The dripping wax—that heap which may seem like waste—is actually the point of greatest density in the work. Not because it contains a hidden message, but because it reveals what happens when the identity of the object implodes, when the human and the non-human are no longer represented, but collapse together into a matter that can no longer be interpreted through pre-existing codes.
In that molten mass, there is no neutrality, but excess. There is no absence of form, but form without a model. And perhaps yes, precisely at that point, where everything blurs and nothing can be traced back to a name, the possibility of an unclassifiable existence emerges. Not as a lack of gender or meaning, but as an excess that escapes all attribution.
If there is a message—or rather, a vibration—of the work, it is exactly this, a semiotic excess, an area of indistinction where matter no longer responds to the logic of representation but becomes pure ontological relation. It is in that wax—fallen, confused, no longer functional—that the residue does not signify, but insists on.

Your project draws inspiration from the figure of the Madonna della Salute. Can you tell us why you chose this reference and its genealogy? The choice of the candle seems to evoke the idea of the ephemeral—something destined to be consumed, leaving behind only a formless pile of wax. Can you explain why you chose to translate and materialize the project through this object?
The project draws inspiration from the figure of the Madonna della Salute because it’s an image that has accompanied me since childhood, though I’ve never experienced it in strictly religious terms. It has always struck me as a collective invocation device, a ritual gesture charged with precarity and reciprocity. Every November 21st, from the South to Venice, candles are lit, promises are made, bodies—one’s own and others’—are entrusted to an icon that is at once presence and threshold, figure and refuge.
This figure has a genealogy intertwined with the history of epidemics, care, and shared vulnerability. The Madonna della Salute is not a glorious or victorious saint, she is an image of collective survival, of residue, of negotiation between the living beings and the invisible. Achiropita was born from this—not as a devotional work, but as an attempt to question the matter of protection, what remains, what burns, what cannot be touched but must be crossed.
The choice of the candle as an object is not accidental. It is a body that consumes itself in order to be—that doesn’t leave a monument, but a residue. I was interested in this paradox, an object that lives in its own dying, that is not preserved but offered, that doesn’t assert but accompanies. The dripping wax, deforming, blending with human and non-human elements, becomes a threshold between the ritual gesture and the excess material, between the sacred and the relational.

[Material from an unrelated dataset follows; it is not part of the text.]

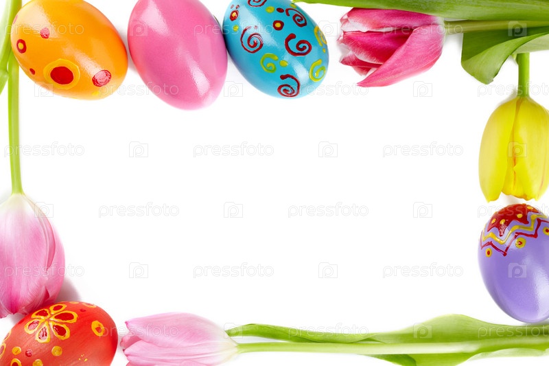 Рамка из пасхальных яиц и тюльпанов

Translating the project into a candle was, for me, a way to materialize the act of trust—in combustion, in time, in transformation. It is not an object that wants to last, but one that wants to stay—as long as it can. And in its staying, to become a site of contact, of shared fragility, of memory not fixed but happened.
Bibliography
Albert, B., Kopenawa, D. (2023), Lo spirito della foresta, nottetempo, Milano.
Borgnino, E. (2022), Ecologie native, elèuthera, Milano.
Catrileo, A. (2019), Awkan epupillan mew: dos espíritus en divergencia, Pehuén Editores, Santiago.
Kohn, E. (2021), Come pensano le foreste, nottetempo, Milano.
Viveiros de Castro, E. (2013), La mirada del jaguar. Introducción al perspectivismo amerindio, Tinta Limón, Buenos Aires.